Begitu tinggi tingkat korupsi di negeri ini, dan begitu luas penyebaran para koruptornya. Dalam hal ini istilah “Korupsi Berjemaah” dari Amien Rais ataupun istilah “ditebang satu, tumbuh seribu” itu memang tepat menggambarkan gemparnya kasus-kasus korupsi yang tidak henti-hentinya melanda negeri ini. Ditangkap satu koruptor, muncul koruptor-koruptor lain yang sudah siap menggantikan posisinya sebagai orang yang merugikan jutaan rakyat itu. Negeri ini memang pas dikatakan lumbung para koruptor.
Jika persatuan dan kesatuan makin dihindari dengan selalu berpecah belah, dan praktek korupsi terus mengalir deras, seakan menjadi sesuatu yang legitimated bagi para pelakunya, bagaimana ruang kemerdekaan sejati akan terwujud? dan bagaimana mungkin wacana kemerdekaan yang terus berkelindan ini dapat diterapkan dan diisi sebaik mungkin jika kita, pemerintah kita, wakil kita di DPR, terus dikebiri dengan persoalan-persoalan semacam itu? Bukan tidak mungkin retorika kemerdekaan ke depan akan semakin usang dan semakin meninggalkan substansinya.

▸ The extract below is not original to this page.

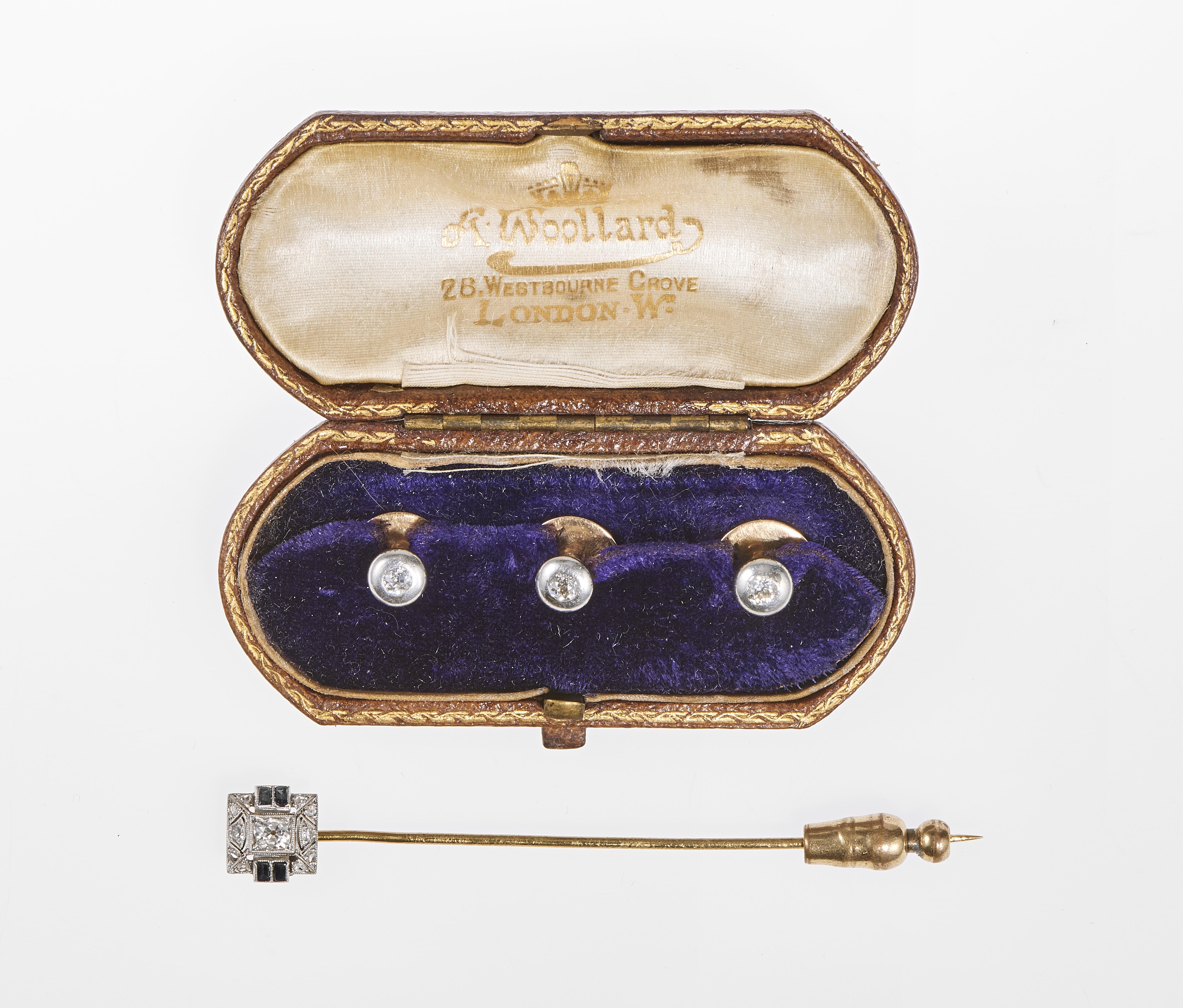 Or, or gris 750 et argent, H 7,5 cm. On joint un ensemble de trois boutons de plastron sertis chacun d'un diamant taille ancienne en or et or gris 585, 3 g, dans leur écrin.

Maka, agar kemerdekaan betul-betul menemukan arah dan isinya, hal-hal yang dapat menghambat perjalanan stabilitas negara, termasuk perilaku korupsi dan pertikaian/ perpecahan yang menciderai persatuan dan kesatuan harus segera diakhiri. Kalau perpecahan harus segera dicarikan upaya mendinginkan suasananya, bukan malah makin “dikompori” oleh pihak-pihak tertentu. Sedangkan kalau perilaku korupsi harus ditindak seberat-beratnya, bahkan dengan hukuman mati sekalipun. Hal ini jika mengacu pada UU RI No. 20 tahun 2001 tentang perubahan atas UU No.31 tahun 1999 tentang pemberantasan tindak pidana korupsi, yakni Pasal 2 ayat 1, di mana pidana mati dapat dijatuhkan jika pidana korupsi dilakukan bila keadaan negara dalam bahaya, bencana alam nasional, pengulangan tindak pidana korupsi atau pada waktu negara dalam keadaan krisis ekonomi dan moneter. Ini bertujuan agar para pelakunya jera dan betul-betul takut akan resiko yang bakal diterimanya. Cara ini juga dilakukan agar aset-aset negara ke depan bisa diselamatkan, dan perekonomian negara juga semakin stabil, dan dengan begitu maka jati diri kemerdekaan akan lebih mudah ditemukan, di mana ketika itu rakyat merasakan betul apa arti kemerdekaan itu.